Раздраженный и истерзанный тяжелыми и драматичными событиями прошедшего дня, вернулся брат Жозеф в свою келью.

Было уже очень поздно. Молодой горожанин спокойно спал на своей убогой постели, и его безмятежное лицо заливали бледные, голубоватые лучи луны. На стенах плясали неровные, черные тени острых ветвей, колыхавшихся за окном.

Жозеф бессильно опустился на свое жесткое ложе и застыл в неподвижности, обхватив руками колени и рассеянным взглядом следя за причудливыми узорами, которые рисовались на стенах.

Давно уже не принадлежал он к числу людей, которым знаком мирный и освежающий сон.

Как это бывало почти всегда, когда он оставался в одиночестве, на него сразу потоком нахлынули мучительные, тревожные мысли. На самом деле, эти мысли всегда были с ним, не покидали ни на миг. Они только немного стирались в суете повседневных забот, при свете дня. Но темной ночью, при мерцающем свете одинокой свечи или холодных, скользящих лучей луны, ощущения Жозефа становились намного ярче и острее, и он мог без помех беседовать со своим неумолкающим, беспокойным внутренним голосом…

От природы брат Жозеф был нервным, неуравновешенным и подверженным странной игре своих чувств и настроений. Но в последнее время ему стало казаться, что всем его измученным существом овладевает непонятное, болезненное состояние…

Любое неосторожно брошенное слово, любое самое мелкое происшествие заставляло вспыхивать всю его душу. Нелепая фраза, внезапно подувший ветер, разбитый кусочек витража, потерянная книга приводили Жозефа либо в тягостное, мрачное отчаяние, либо в самое неистовое бешенство. Ему тяжело стало удерживаться от рыданий. Сон перестал приносить отдых и успокоение. Сердце постоянно нервно вздрагивало в груди, а рассудок осаждали тысячи печальных и мрачных мыслей…

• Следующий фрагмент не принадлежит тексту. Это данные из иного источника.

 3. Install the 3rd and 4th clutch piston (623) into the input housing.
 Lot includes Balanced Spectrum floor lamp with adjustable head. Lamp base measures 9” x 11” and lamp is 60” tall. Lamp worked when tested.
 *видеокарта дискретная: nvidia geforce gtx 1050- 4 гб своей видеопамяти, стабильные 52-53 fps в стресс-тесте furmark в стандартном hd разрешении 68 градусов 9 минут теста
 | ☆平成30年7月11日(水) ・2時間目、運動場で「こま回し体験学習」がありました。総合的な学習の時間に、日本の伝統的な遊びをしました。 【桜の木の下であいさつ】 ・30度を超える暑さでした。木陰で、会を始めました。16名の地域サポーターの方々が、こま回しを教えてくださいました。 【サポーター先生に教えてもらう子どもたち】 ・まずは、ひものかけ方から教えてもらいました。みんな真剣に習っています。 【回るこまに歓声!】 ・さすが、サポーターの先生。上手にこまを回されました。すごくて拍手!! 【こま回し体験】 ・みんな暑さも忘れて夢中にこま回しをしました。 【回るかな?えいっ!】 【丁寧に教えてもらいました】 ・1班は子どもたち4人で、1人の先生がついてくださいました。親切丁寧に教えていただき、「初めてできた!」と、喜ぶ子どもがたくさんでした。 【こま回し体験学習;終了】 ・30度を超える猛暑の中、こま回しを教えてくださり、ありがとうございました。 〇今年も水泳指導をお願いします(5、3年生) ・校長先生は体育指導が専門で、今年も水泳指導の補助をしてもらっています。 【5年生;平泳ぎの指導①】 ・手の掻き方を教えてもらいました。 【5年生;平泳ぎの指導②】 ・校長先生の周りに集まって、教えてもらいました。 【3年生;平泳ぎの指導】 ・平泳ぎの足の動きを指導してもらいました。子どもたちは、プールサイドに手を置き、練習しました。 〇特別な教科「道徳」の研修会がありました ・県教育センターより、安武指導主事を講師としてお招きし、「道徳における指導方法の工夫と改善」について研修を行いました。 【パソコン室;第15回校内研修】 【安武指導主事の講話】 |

Быть может, эта многолетняя ненависть медленно и тихо разрушала его несчастную душу? Его смуглое лицо от бессонных ночей приобрело желтоватую бледность. Под глазами залегли глубокие, темные тени…

Постепенно, незаметно для себя самого, брат Жозеф все глубже погружался в мир болезненных, тяжелых грез и отчаяния. Вскоре у него пропало желание выходить во двор монастыря для прогулок, как он иногда делал это раньше. Потом он стал настолько замкнутым и печальным, что отдалился от остальных братьев и аббата. Их разговоры нагоняли на него невыносимую тоску. И вырывали его из круга своих причудливых, мрачных мечтаний, с которыми ему не хотелось расставаться.

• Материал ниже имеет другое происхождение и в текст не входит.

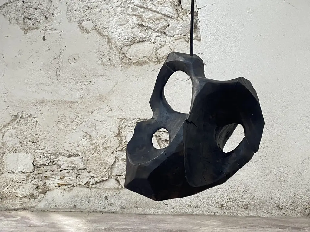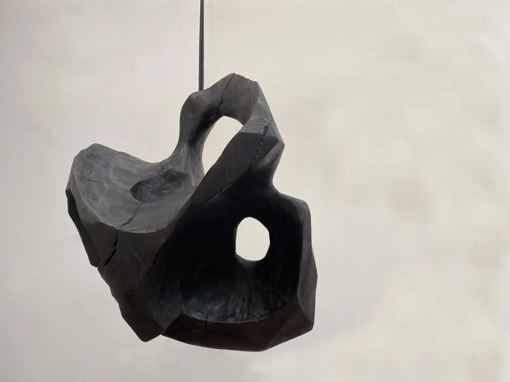 Unique Black Carved Forms, Floating Organic Shapes Suspension By Jérôme Pereira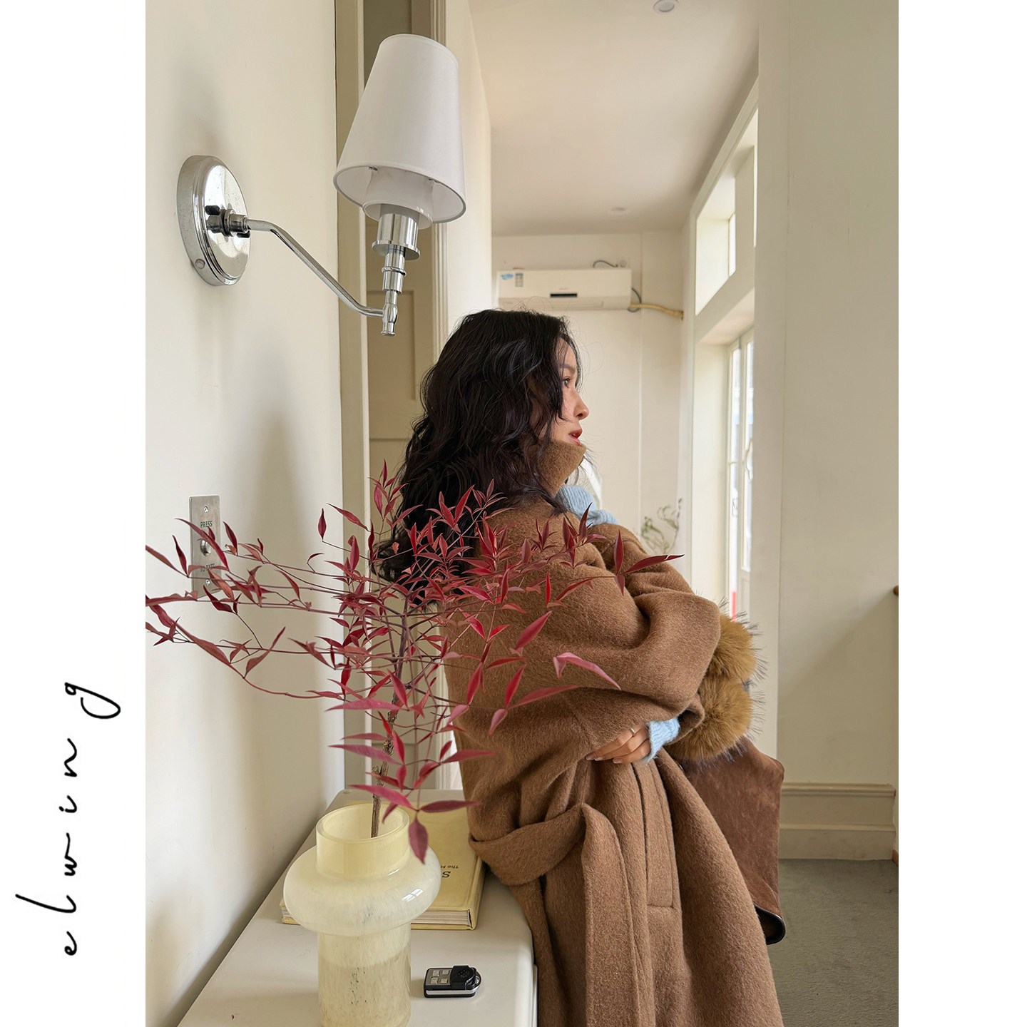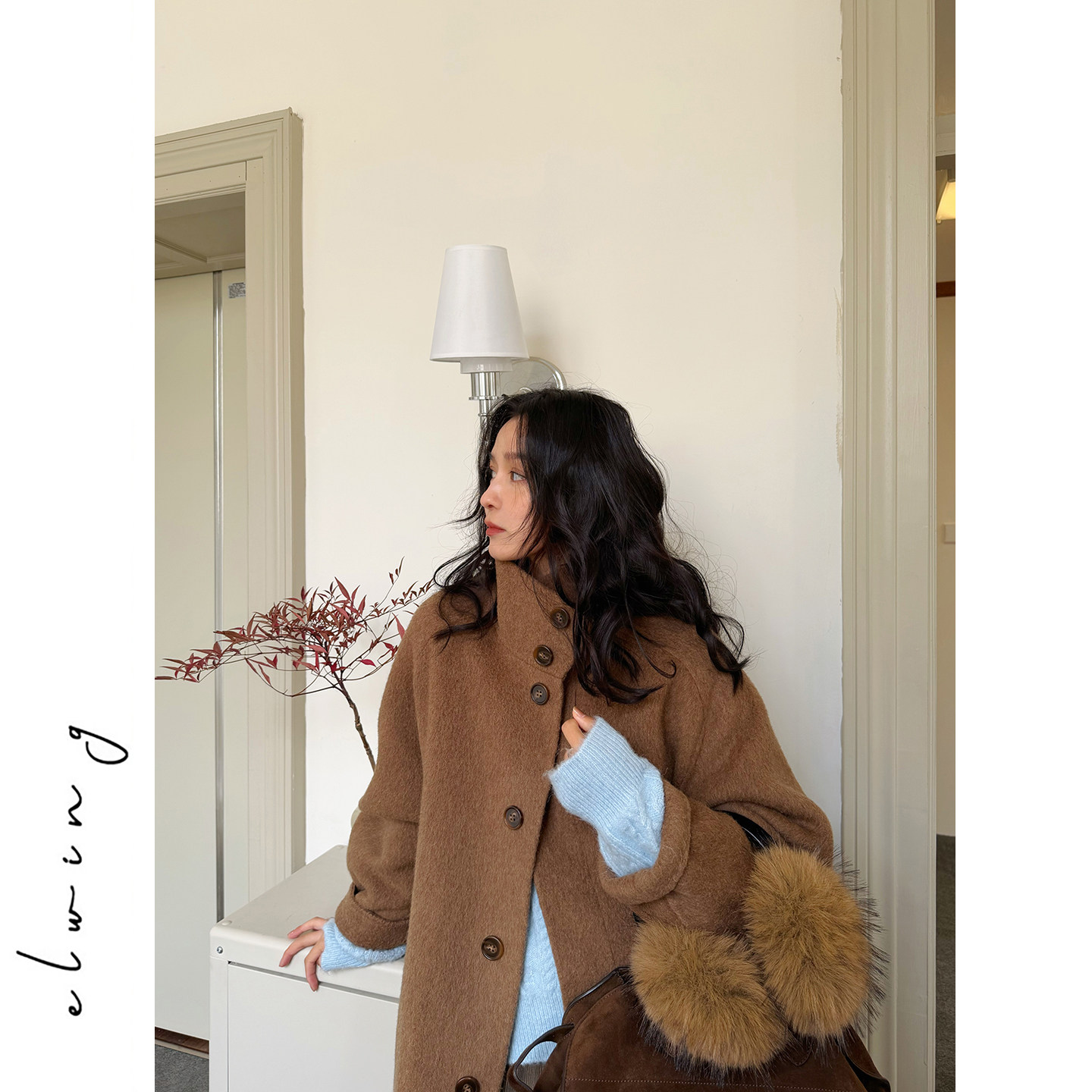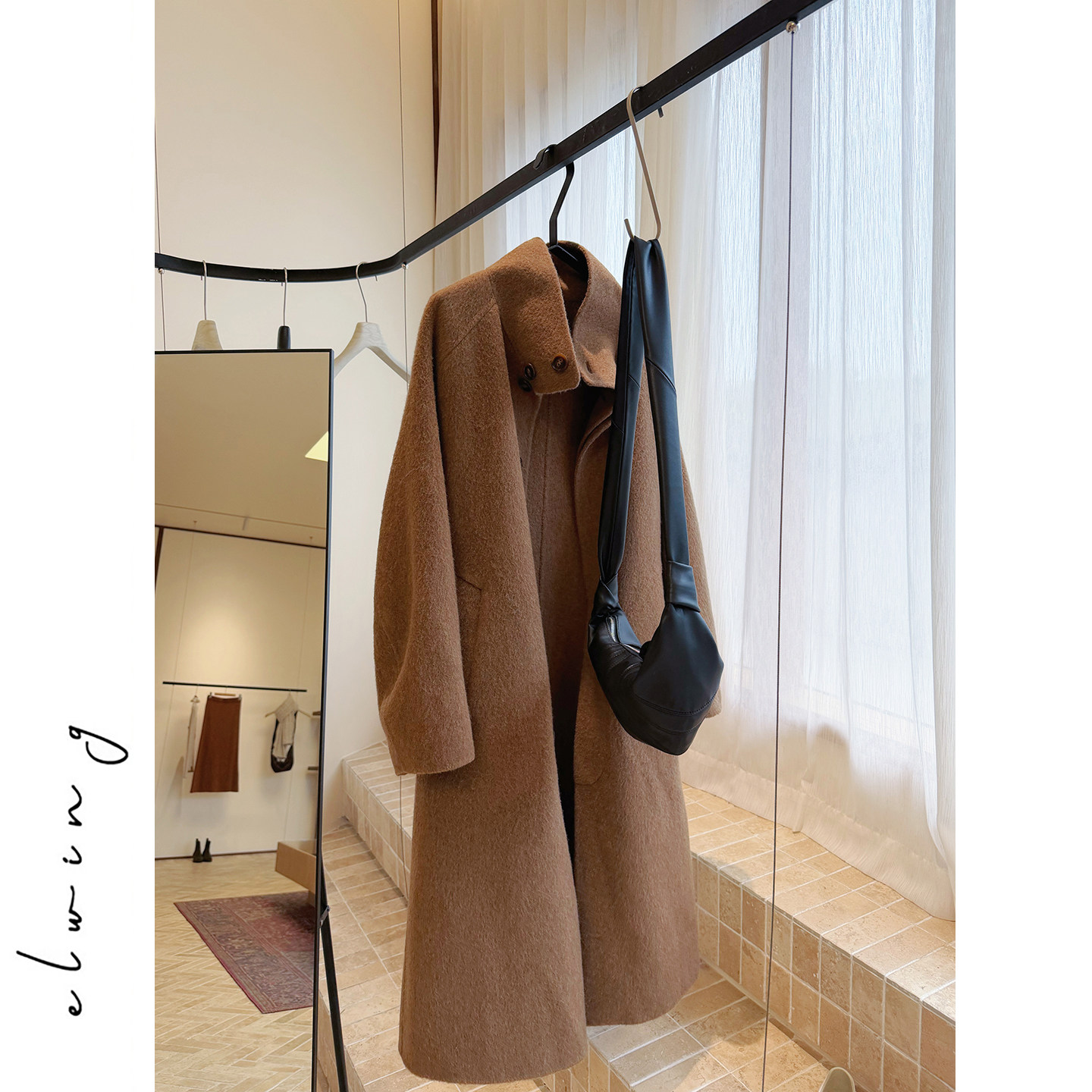 Elwing原创骆驼绒羊毛轻盈保暖立领长款大衣冬季新款双面毛呢外套

Еще позднее, Жозеф ощутил холодное отвращение к еде и сну, к голосам, ко всем непрошенным и ранящим звукам и краскам, которые вторгались в его страдающую душу из внешнего мира. Его мучили приступы невыносимой давящей тоски, когда лишний шаг, лишнее слово становились жестокой пыткой.

Ночные часы, полные таинственных фантазий и мрачного очарования, были единственным временем, когда он еще возвращался к жизни и снова начинал ощущать ее острый вкус. Он читал старые пыльные книги, неистово чертил на бумаге свои причудливые эскизы и с упоением предавался самым невероятным, драматическим грезам. Страшные воспоминания прошлого оставляли его. Глубокая ночь окрашивала весь мир своим удивительным волшебством. Он снова становился живым и пылким, потухшие глаза сверкали, душу тревожили безумные смутные порывы и вдохновенные замыслы…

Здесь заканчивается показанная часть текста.